[Info-vax] Does OpenVMS Use Unicode?

Mon Jun 13 07:36:30 EDT 2016

On 2016-06-13 13:30, Jan-Erik Soderholm wrote:
> Den 2016-06-13 kl. 13:20, skrev Johnny Billquist:
>> On 2016-06-13 12:15, Jan-Erik Soderholm wrote:
>>
>>> We use the Python port to run our web applications. And Python
>>> uses 7-bit for it's basic "string" data type. So I simply made
>>> a short function to change into the HTML variants like:
>>>
>>> def html_esc(string):
>>>   tmpx1 = string.replace(u'\xe5','å')
>>>   tmpx1 = tmpx1.replace(u'\xe4','ä')
>>>   tmpx1 = tmpx1.replace(u'\xf6','ö')
>>>   tmpx1 = tmpx1.replace(u'\xf8','ø')
>>>   tmpx1 = tmpx1.replace(u'\xd8','Ä')
>>>   tmpx1 = tmpx1.replace(u'\xc7',' ')
>>>   tmpx1 = tmpx1.replace(u'[','Ä')
>>>   tmpx1 = tmpx1.replace(u']','Å')
>>>   tmpx1 = tmpx1.replace(u'\\','Ö')
>>>   return tmpx1
>>>
>>> Maybe there is something built-in in Python for this also,
>>> I do not know and I never looked for it. This works OK.
>>
>> I don't know how to break this to you gently so... You are not using
>> 7-bit
>> data for your strings.
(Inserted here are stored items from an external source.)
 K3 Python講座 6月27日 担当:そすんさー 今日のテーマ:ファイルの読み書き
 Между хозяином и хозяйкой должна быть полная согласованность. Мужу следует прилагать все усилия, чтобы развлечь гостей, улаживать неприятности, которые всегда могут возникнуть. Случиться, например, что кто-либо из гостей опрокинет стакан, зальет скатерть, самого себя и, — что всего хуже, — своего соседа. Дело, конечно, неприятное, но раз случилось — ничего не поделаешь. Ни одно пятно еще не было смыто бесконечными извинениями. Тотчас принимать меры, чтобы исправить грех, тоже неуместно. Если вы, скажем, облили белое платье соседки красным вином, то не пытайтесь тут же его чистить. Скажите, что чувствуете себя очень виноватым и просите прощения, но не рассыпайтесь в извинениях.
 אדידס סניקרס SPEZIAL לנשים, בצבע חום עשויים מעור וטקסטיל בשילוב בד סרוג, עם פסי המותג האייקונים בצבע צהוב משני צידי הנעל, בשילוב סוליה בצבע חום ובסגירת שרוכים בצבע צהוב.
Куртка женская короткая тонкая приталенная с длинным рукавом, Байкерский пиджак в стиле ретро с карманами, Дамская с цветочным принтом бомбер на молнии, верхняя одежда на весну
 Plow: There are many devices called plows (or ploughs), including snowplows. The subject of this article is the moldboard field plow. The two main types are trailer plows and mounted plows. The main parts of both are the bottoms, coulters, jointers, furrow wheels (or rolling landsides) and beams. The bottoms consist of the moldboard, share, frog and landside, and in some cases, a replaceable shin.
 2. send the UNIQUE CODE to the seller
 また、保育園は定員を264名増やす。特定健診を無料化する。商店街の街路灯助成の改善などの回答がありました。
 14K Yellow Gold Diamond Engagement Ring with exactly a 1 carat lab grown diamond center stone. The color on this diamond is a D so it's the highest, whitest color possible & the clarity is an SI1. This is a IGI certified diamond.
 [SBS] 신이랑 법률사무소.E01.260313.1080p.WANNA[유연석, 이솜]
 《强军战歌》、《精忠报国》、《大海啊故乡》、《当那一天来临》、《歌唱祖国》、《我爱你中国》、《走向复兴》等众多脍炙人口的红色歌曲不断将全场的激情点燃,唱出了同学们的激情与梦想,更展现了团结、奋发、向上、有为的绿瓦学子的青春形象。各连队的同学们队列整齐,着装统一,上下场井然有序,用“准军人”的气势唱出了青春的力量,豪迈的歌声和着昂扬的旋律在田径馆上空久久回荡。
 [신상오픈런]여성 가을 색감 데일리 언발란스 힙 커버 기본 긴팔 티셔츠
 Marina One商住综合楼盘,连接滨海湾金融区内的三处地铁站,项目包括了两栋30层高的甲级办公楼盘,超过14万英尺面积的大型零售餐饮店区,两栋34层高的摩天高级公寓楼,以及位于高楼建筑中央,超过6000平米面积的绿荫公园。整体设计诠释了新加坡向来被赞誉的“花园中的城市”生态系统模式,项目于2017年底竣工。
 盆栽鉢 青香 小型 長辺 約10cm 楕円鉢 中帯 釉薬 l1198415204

In fact, your code snippet here is clearly looking
>> for character with the 8th bit set. What you have there is essentially
>> Latin-1, or if you prefer to call it DEC MCS, or ISO 8859-1, or
>> Unicode, is
>> up to you. But it's definitely not 7-bit data strings...
>>
>>     Johnny
>>
>
> Yes, in *this* part it works, but if the characters are not converter
> it will break later...

I believe you. That is because later parts might not be understanding 
the coding used in Python... Which in turn comes back to the point about 
correctly informing whatever what the encoding scheme is used. Which 
often fails somewhere along the way. By doing the translation you are 
doing, you avoid the problem, as you move it down to a subset that 
becomes identical no matter if you use UTF-8, 8859-1, or plain 7-bit ASCII.

	Johnny